Task brief: Take the entries below and write them out exactly, with each picture removed.

Available data:
· · ·

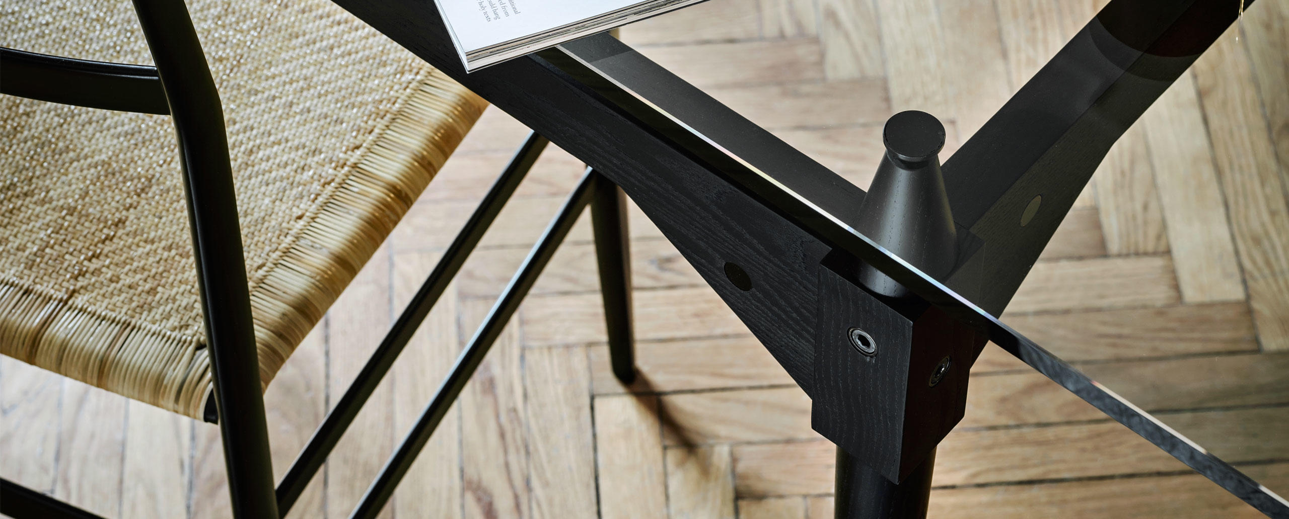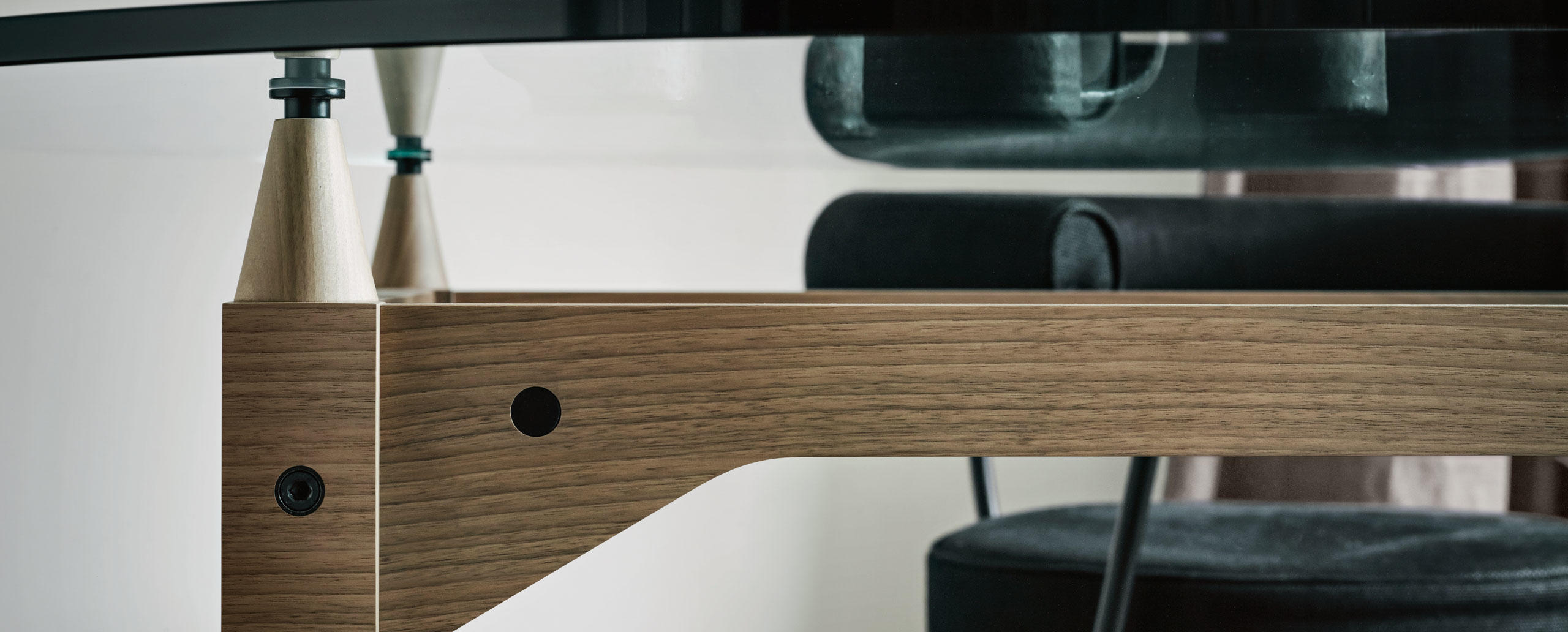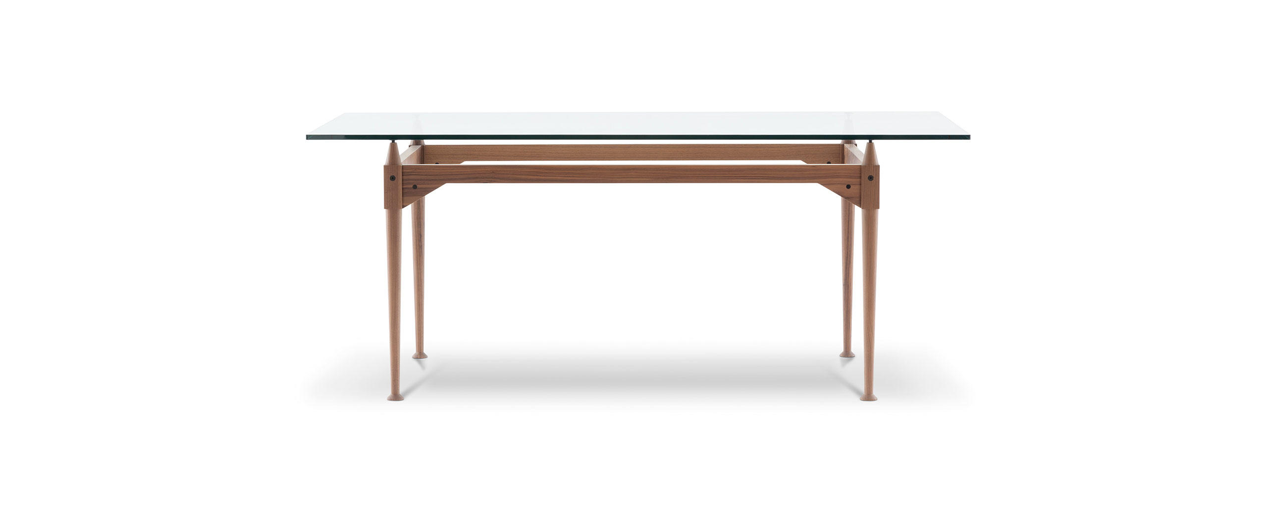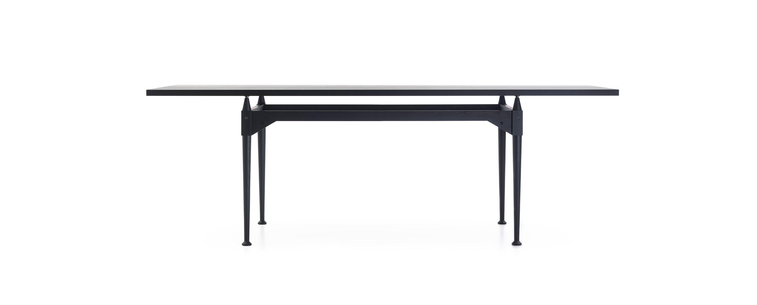 Tables with square or rectangular structures made of four legs and cross-bars assembled with black metal joints available in the finishes: American walnut, natural or black stained ashwood. The table tops are available in the same finishes and in clear glass. A round version Ø 130 cm of the table is also available in clear glass. The feet have felts underneath.
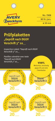• Avery Zweckform No. 7908 sárga színű, 30 mm átmérőjű, öntapadós időjárásálló felülvizsgálati címke, 20__ évszámmal, Geprüft nach DGUV Vorschrift 3 felirattal, 12 hónapos beosztással - kiszerelés: 80 címke / csomag
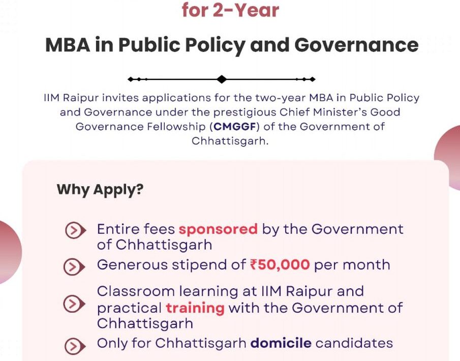 यह फेलोशिप विशेष रूप से छत्तीसगढ़ के मूल निवासियों के लिए उपलब्ध है तथा इसमें राज्य शासन की आरक्षण नीति लागू होगी। इच्छुक अभ्यर्थी विस्तृत जानकारी एवं आवेदन के लिए IIM रायपुर की आधिकारिक वेबसाइट पर निर्धारित तिथि तक आवेदन कर सकते हैं।
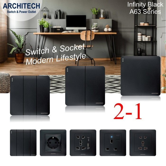 SAKLAR / SAKELAR LAMPU ARCHITECH INFINITY A63 2.1 BLACK SERIES NEW - 1 GANG 1 ARAH
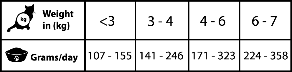 Vær oppmerksom på at denne doseringstabellen er veiledende, og at mengden fôr kan variere avhengig av aktivitet, kattrase og miljøforhold.
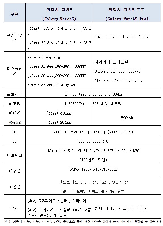사파이어 크리스탈을 더한 시그니처 원형 디자인의 '갤럭시 워치5'와 티타늄 바디, 향상된 GPS 성능으로 다양한 아웃도어 스포츠에 최적화된 '갤럭시 워치5 프로'가 출시된다. 또한 새롭게 아웃도어 사용성을 강화한 '프로' 라인업이 추가됐다.
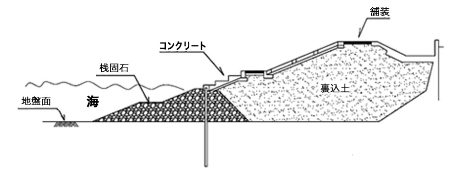 東京都港湾局「緩傾斜式防潮堤の写真・図面」
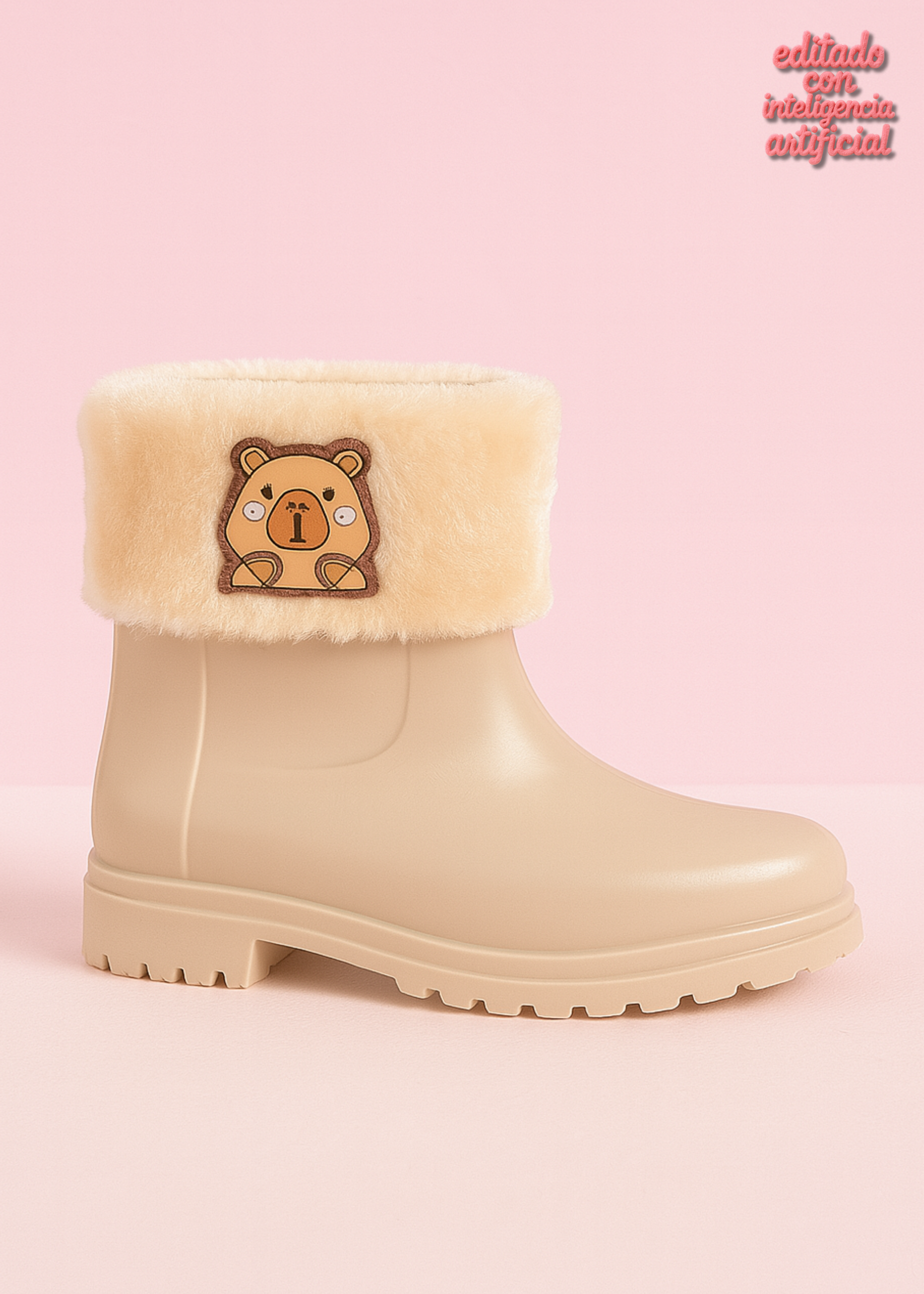 Mantén los pies de tu pequeño secos y con estilo en días lluviosos. Nuestras botas impermeables para niñas cuentan con un forro de peluche y un tierno aplique de capibara, que combina comodidad y diversión.
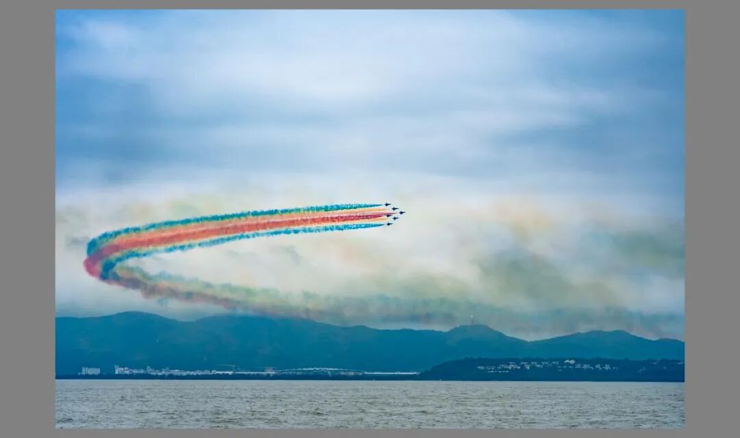说些奇怪的拍摄机位吧。珠海航展公认的最佳机位就是炮楼。炮楼之后的金凤台,虽然装修好了,却居然不对外开放,莫名其妙。在机场大道对面,也有一些民宿楼顶可以拍摄,这些位置虽然比较远,但不至于6点就要去抢位。只要镜头够长,而且这里拍摄降落更好。 最让我吃鲸的是还有海上机位。从深圳开来的游艇,看完就开走。完全无接触不用扫码做核酸。。。。拍摄效果如下图,拍个表演队拉烟麻麻地,但是单机表演就基本只能看个苍蝇样子。适合口味独特的拍机佬。
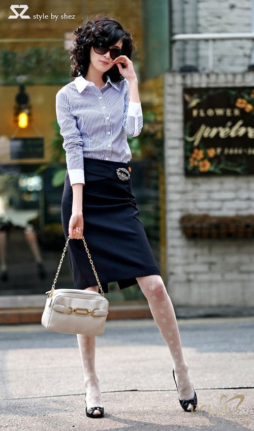 為了擺脫冬日的臃腫,春日當(dāng)然是以炫麗為主題啦。因?yàn)橥ǔEr衫色彩方面都是以白色或是黑色為主,所以并不能做成炫麗的效果。所以從鉛筆裙下手就能造就一個(gè)炫麗的春日風(fēng)情啦。
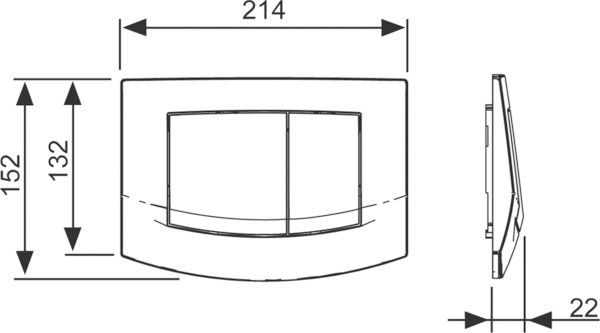 Панель смыва для смывных бачков TECE, фронтальное или верхнее расположение панели смыва. Пластиковая панель смыва, клавиши с резиновыми накладками с двух сторон. В комплект входят толкатели и крепежные элементы. Совместима с контейнером для гигиенических таблеток. Размеры (Ш x В x Г): 214 x 152 x 22 мм
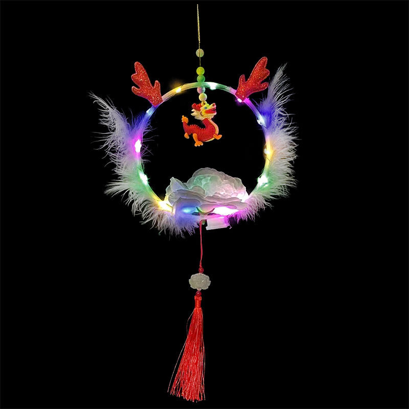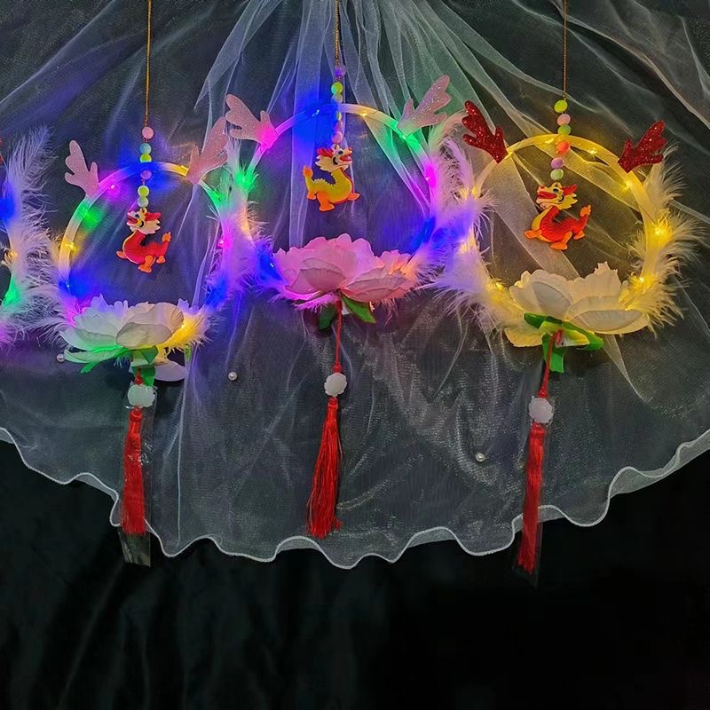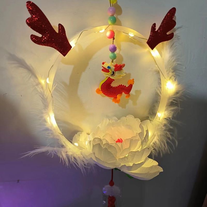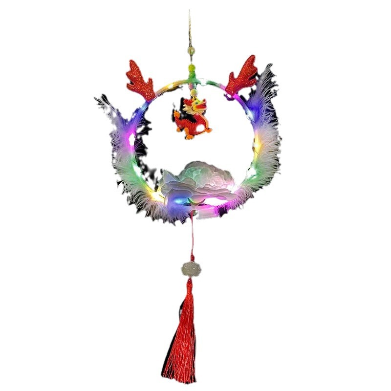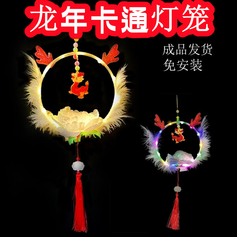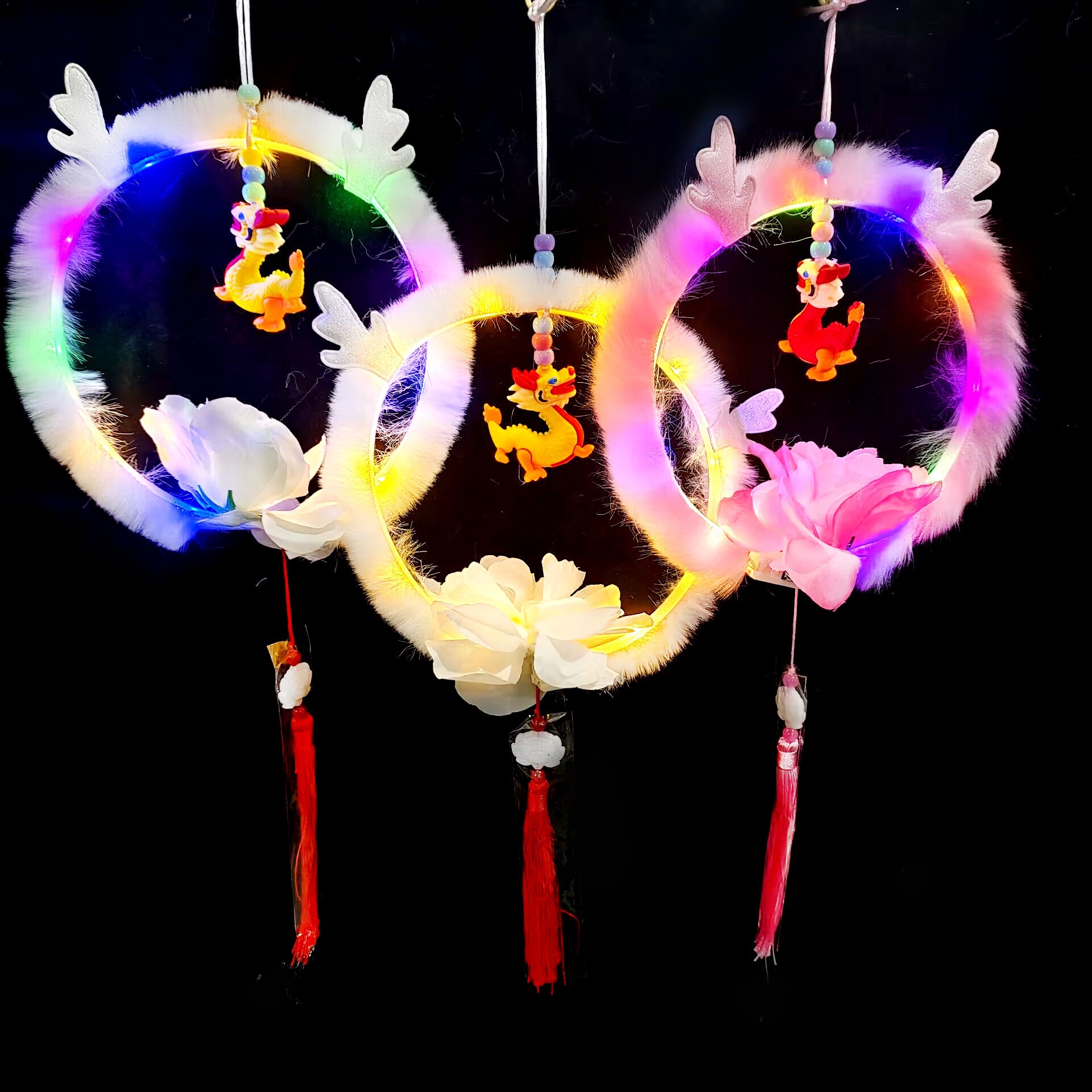 新年灯笼龙年花灯手提发光闪光玩具过年古风龙角灯笼发光玩具批发

· · ·

Result of the exercise:
 Tables with square or rectangular structures made of four legs and cross-bars assembled with black metal joints available in the finishes: American walnut, natural or black stained ashwood. The table tops are available in the same finishes and in clear glass. A round version Ø 130 cm of the table is also available in clear glass. The feet have felts underneath.
• Avery Zweckform No. 7908 sárga színű, 30 mm átmérőjű, öntapadós időjárásálló felülvizsgálati címke, 20__ évszámmal, Geprüft nach DGUV Vorschrift 3 felirattal, 12 hónapos beosztással - kiszerelés: 80 címke / csomag
 यह फेलोशिप विशेष रूप से छत्तीसगढ़ के मूल निवासियों के लिए उपलब्ध है तथा इसमें राज्य शासन की आरक्षण नीति लागू होगी। इच्छुक अभ्यर्थी विस्तृत जानकारी एवं आवेदन के लिए IIM रायपुर की आधिकारिक वेबसाइट पर निर्धारित तिथि तक आवेदन कर सकते हैं।
 SAKLAR / SAKELAR LAMPU ARCHITECH INFINITY A63 2.1 BLACK SERIES NEW - 1 GANG 1 ARAH
 Vær oppmerksom på at denne doseringstabellen er veiledende, og at mengden fôr kan variere avhengig av aktivitet, kattrase og miljøforhold.
사파이어 크리스탈을 더한 시그니처 원형 디자인의 '갤럭시 워치5'와 티타늄 바디, 향상된 GPS 성능으로 다양한 아웃도어 스포츠에 최적화된 '갤럭시 워치5 프로'가 출시된다. 또한 새롭게 아웃도어 사용성을 강화한 '프로' 라인업이 추가됐다.
 東京都港湾局「緩傾斜式防潮堤の写真・図面」
 Mantén los pies de tu pequeño secos y con estilo en días lluviosos. Nuestras botas impermeables para niñas cuentan con un forro de peluche y un tierno aplique de capibara, que combina comodidad y diversión.
说些奇怪的拍摄机位吧。珠海航展公认的最佳机位就是炮楼。炮楼之后的金凤台,虽然装修好了,却居然不对外开放,莫名其妙。在机场大道对面,也有一些民宿楼顶可以拍摄,这些位置虽然比较远,但不至于6点就要去抢位。只要镜头够长,而且这里拍摄降落更好。 最让我吃鲸的是还有海上机位。从深圳开来的游艇,看完就开走。完全无接触不用扫码做核酸。。。。拍摄效果如下图,拍个表演队拉烟麻麻地,但是单机表演就基本只能看个苍蝇样子。适合口味独特的拍机佬。
 為了擺脫冬日的臃腫,春日當(dāng)然是以炫麗為主題啦。因?yàn)橥ǔEr衫色彩方面都是以白色或是黑色為主,所以并不能做成炫麗的效果。所以從鉛筆裙下手就能造就一個(gè)炫麗的春日風(fēng)情啦。
 Панель смыва для смывных бачков TECE, фронтальное или верхнее расположение панели смыва. Пластиковая панель смыва, клавиши с резиновыми накладками с двух сторон. В комплект входят толкатели и крепежные элементы. Совместима с контейнером для гигиенических таблеток. Размеры (Ш x В x Г): 214 x 152 x 22 мм
 新年灯笼龙年花灯手提发光闪光玩具过年古风龙角灯笼发光玩具批发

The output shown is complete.